To get a vanilla automation profile (debugging, captcha tests):

b.start(stealth=False)

Captcha solving

Two paths. Use whichever is cheaper:

For reCAPTCHA v2 on sites that don't pre-block your IP. Cost: $0, accuracy ~70-80 %, ~5-10 s.

if b.detect_captcha():
    out = sb.captcha.solve_recaptcha_audio(retries=3)
    # → {"verified": True, "attempts": 1, "text": "..."}

Works for v2, v3, hCaptcha, Turnstile.
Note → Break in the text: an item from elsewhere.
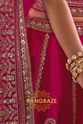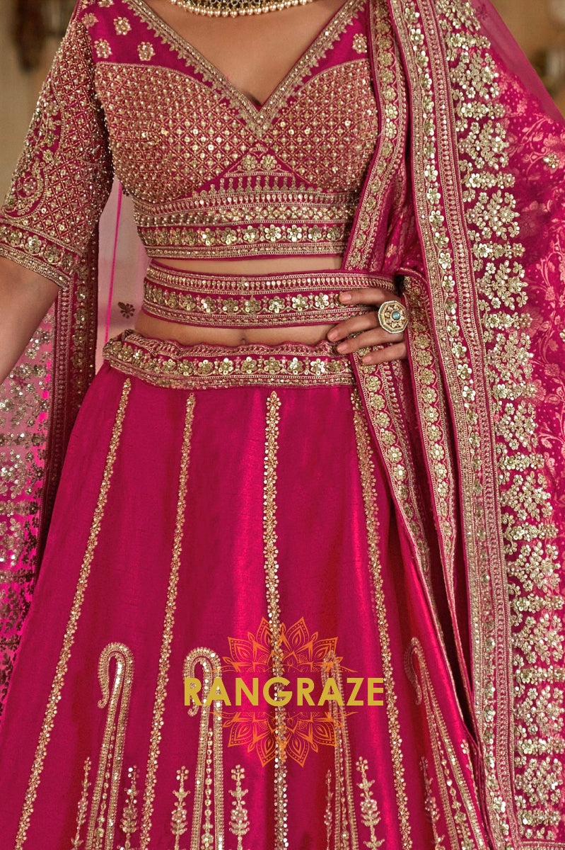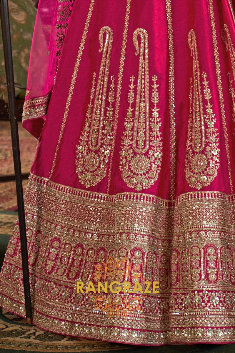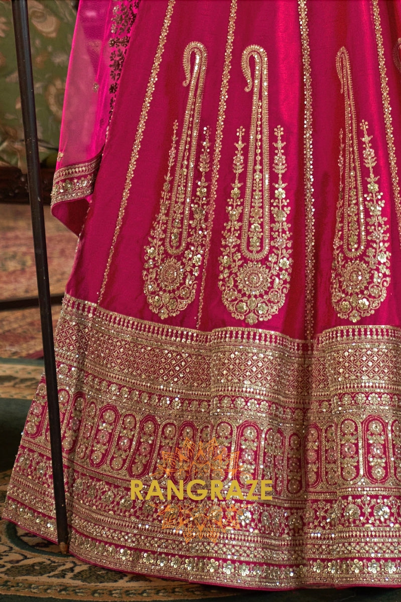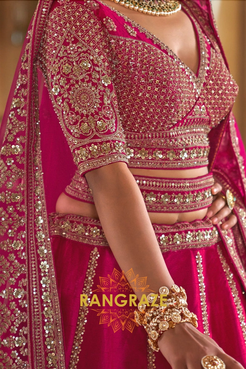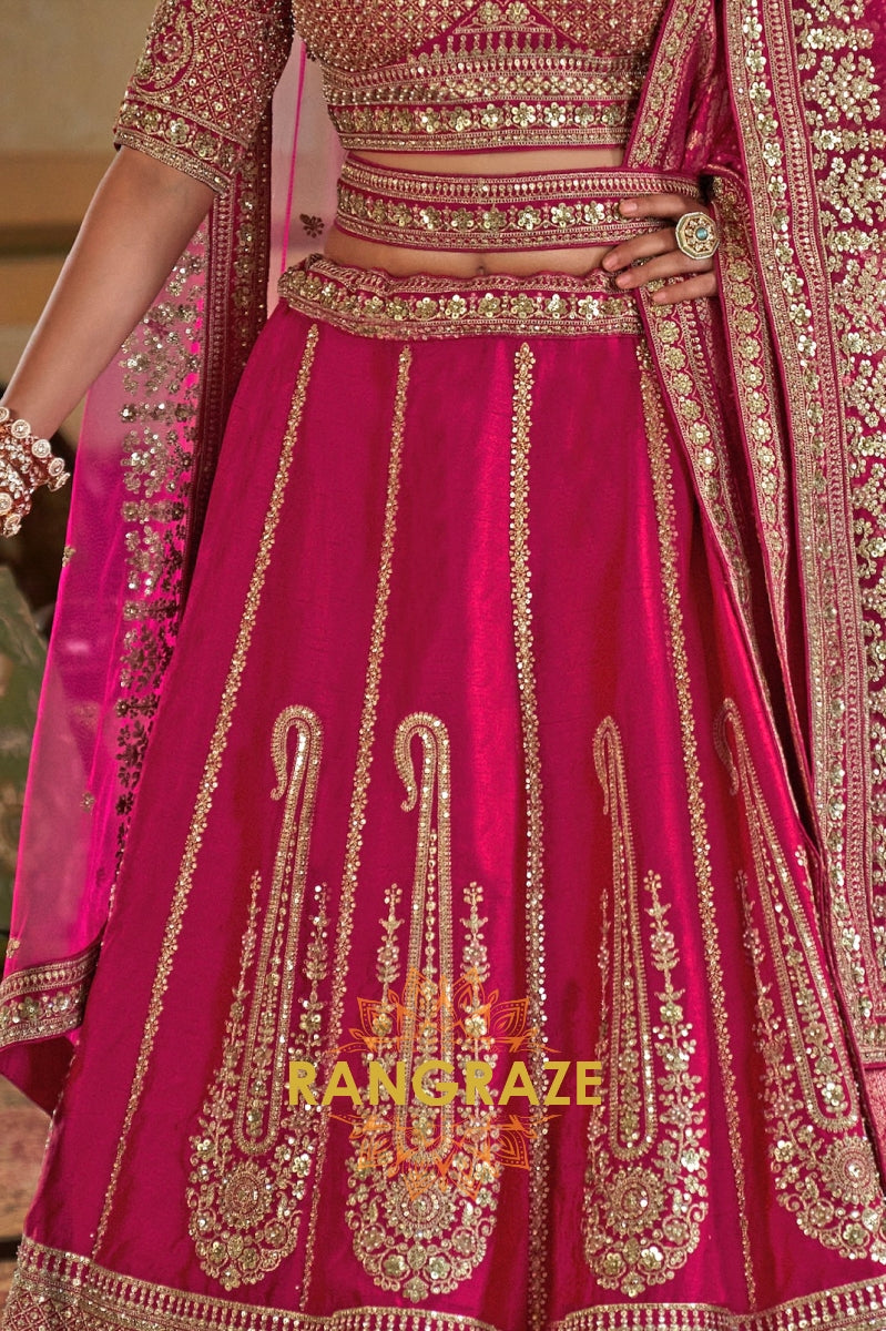 Step into radiant splendor with the Fuchsia Radiance Double-Dupatta Bridal Silk Lehenga, a breathtaking ensemble inspired by Sabyasachi’s signature blend of heritage and modern couture. With its vibrant fuchsia hue, intricate embroidery, and double-dupatta styling, this lehenga is designed for the bride who wishes to command the spotlight with timeless grace and contemporary vibrance.

Cost: $0.001-0.003 per solve, ~30-60 s.

info = b.detect_captcha()
if info:
    b.solve_captcha_on_page(api_key="<2captcha-key>")

Profile persistence

Cookies + localStorage + sessionStorage survive across sandbox lifetimes when you save them as a named profile:

# First sandbox: log in once.
with Sandbox.create(template="browser-use") as sb:
    sb.browser.start()
    sb.browser.navigate("https://app.example.com/login")
    sb.browser.fill("#email", "alice@example.com")
    sb.browser.fill("#password", "...")
    sb.browser.click("button[type=submit]")
    sb.browser.save_profile("alice-app")

# Later sandbox: restore — already logged in.
with Sandbox.create(template="browser-use") as sb:
    sb.browser.start(profile="alice-app")
    sb.browser.navigate("https://app.example.com/dashboard")
    print(sb.browser.text("h1"))   # whatever's gated behind login

Profiles live in /var/firebox-profiles/<name>.json inside the template's rootfs. They don't leak across templates — alice-app saved from a browser-use template only loads when you start from that same template.

Live preview via VNC

The browser-use template ships with Xvfb + x11vnc + fluxbox. Useful when an LLM-driven agent's flow is failing and you want to watch.

# In the sandbox:
sb.run("firebox-display firebox")        # password=firebox

# On the host, DNAT a public port to the sandbox's :5900, then:
open vnc://:firebox@your-host:33000

The run_agent_vnc.py example wires this up end-to-end.

What it can't do

  • GPU rendering — Chromium runs on CPU. Bake an --enable-gpu flag and live with software fallback if you must.
  • Real Chrome TLS — Chromium's TLS hello differs from Chrome's. Cloudflare Bot Manager / Akamai do fingerprint at the TLS layer. Workaround: use sb.http (curl_cffi with real Chrome 120 JA3) for raw HTTP calls behind the same cookies.
  • Mobile emulation — viewport-based only; no touch event fidelity.
  • Pause / resume of the whole VM mid-test — no Firecracker snapshot integration yet.